▶ Your goal: Nothing but the lines below from the one containing "Botella Plastica Con" through the one containing "Red, white and" should appear in the answer, exact and without pictures.

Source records
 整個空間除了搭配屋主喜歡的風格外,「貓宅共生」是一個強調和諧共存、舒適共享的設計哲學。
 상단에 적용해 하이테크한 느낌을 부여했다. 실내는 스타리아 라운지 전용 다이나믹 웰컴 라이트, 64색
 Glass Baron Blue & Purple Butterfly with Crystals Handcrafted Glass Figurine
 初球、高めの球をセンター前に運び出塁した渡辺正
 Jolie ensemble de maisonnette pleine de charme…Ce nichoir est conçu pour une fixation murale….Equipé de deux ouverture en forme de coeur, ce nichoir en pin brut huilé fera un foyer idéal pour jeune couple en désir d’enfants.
...
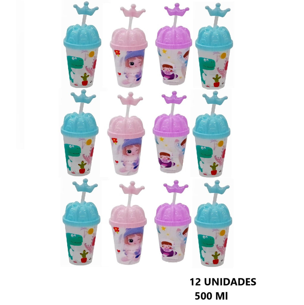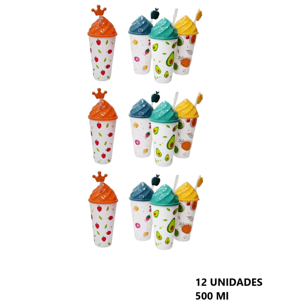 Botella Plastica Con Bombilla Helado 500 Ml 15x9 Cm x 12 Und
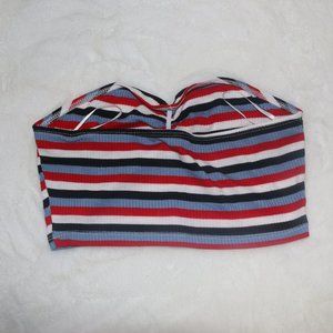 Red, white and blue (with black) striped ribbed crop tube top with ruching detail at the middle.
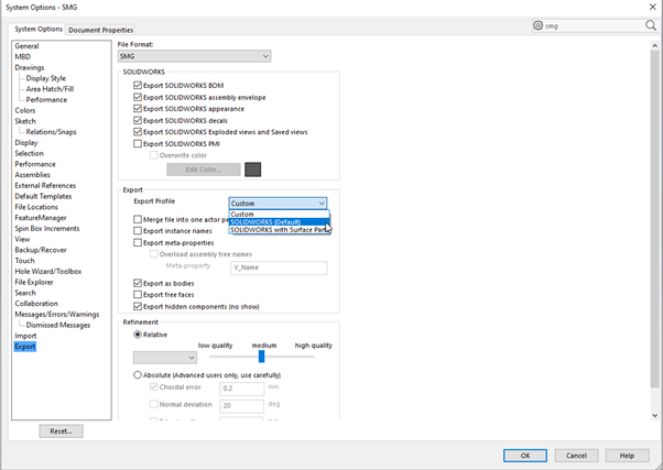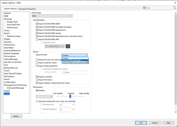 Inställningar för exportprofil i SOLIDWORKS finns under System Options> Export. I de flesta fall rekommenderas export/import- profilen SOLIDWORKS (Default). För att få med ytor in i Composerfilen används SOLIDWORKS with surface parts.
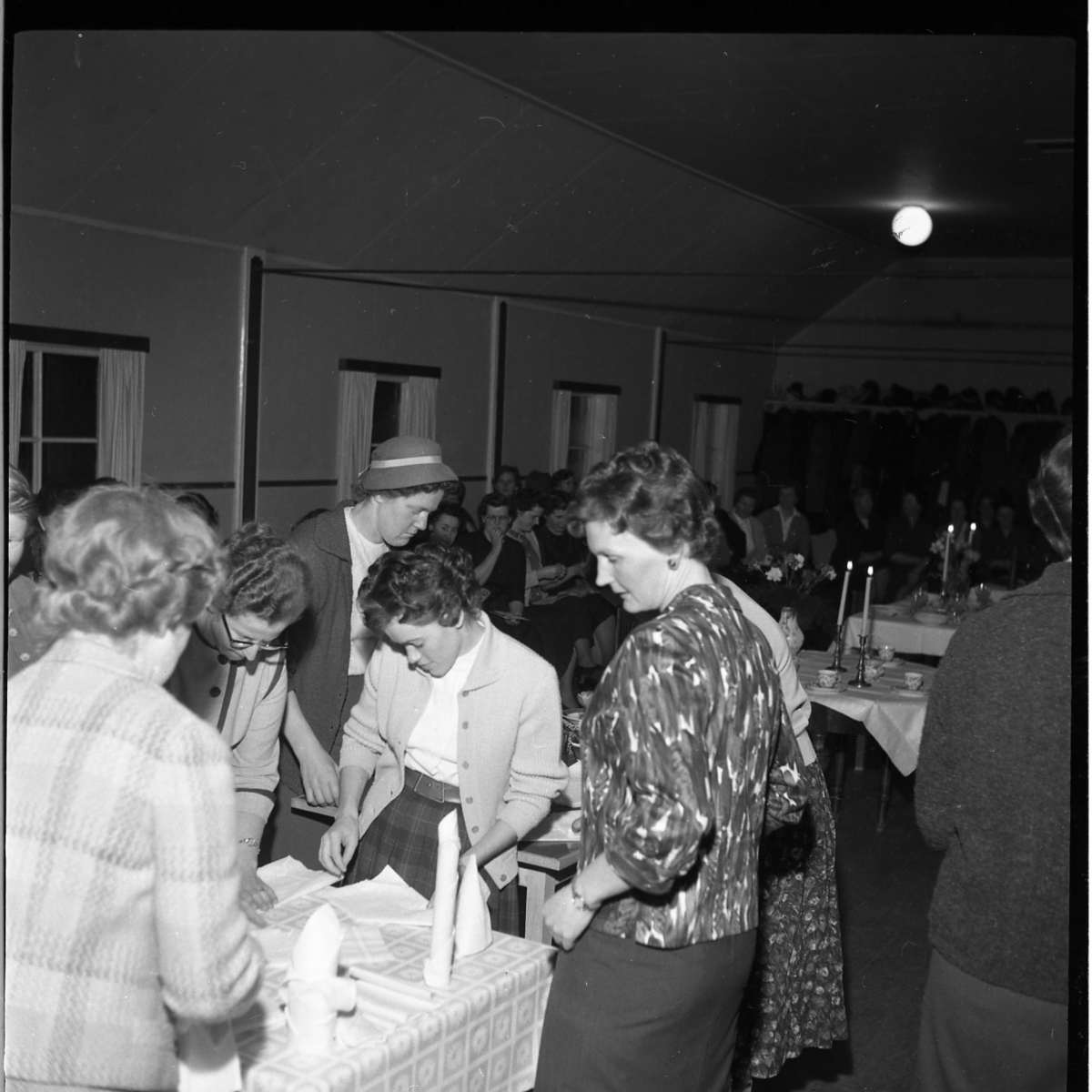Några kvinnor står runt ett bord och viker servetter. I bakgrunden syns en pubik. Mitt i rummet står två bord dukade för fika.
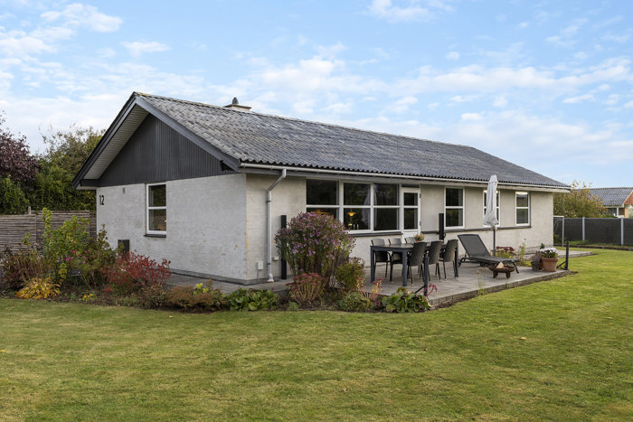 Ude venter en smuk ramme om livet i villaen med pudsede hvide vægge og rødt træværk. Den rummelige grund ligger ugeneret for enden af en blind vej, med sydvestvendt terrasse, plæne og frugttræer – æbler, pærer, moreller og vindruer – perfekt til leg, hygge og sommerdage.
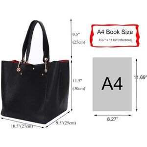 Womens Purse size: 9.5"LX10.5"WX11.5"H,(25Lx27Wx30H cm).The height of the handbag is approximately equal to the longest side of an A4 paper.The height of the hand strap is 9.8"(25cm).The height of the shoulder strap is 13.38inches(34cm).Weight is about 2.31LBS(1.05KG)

▶ Written answer:
 Botella Plastica Con Bombilla Helado 500 Ml 15x9 Cm x 12 Und
 Red, white and blue (with black) striped ribbed crop tube top with ruching detail at the middle.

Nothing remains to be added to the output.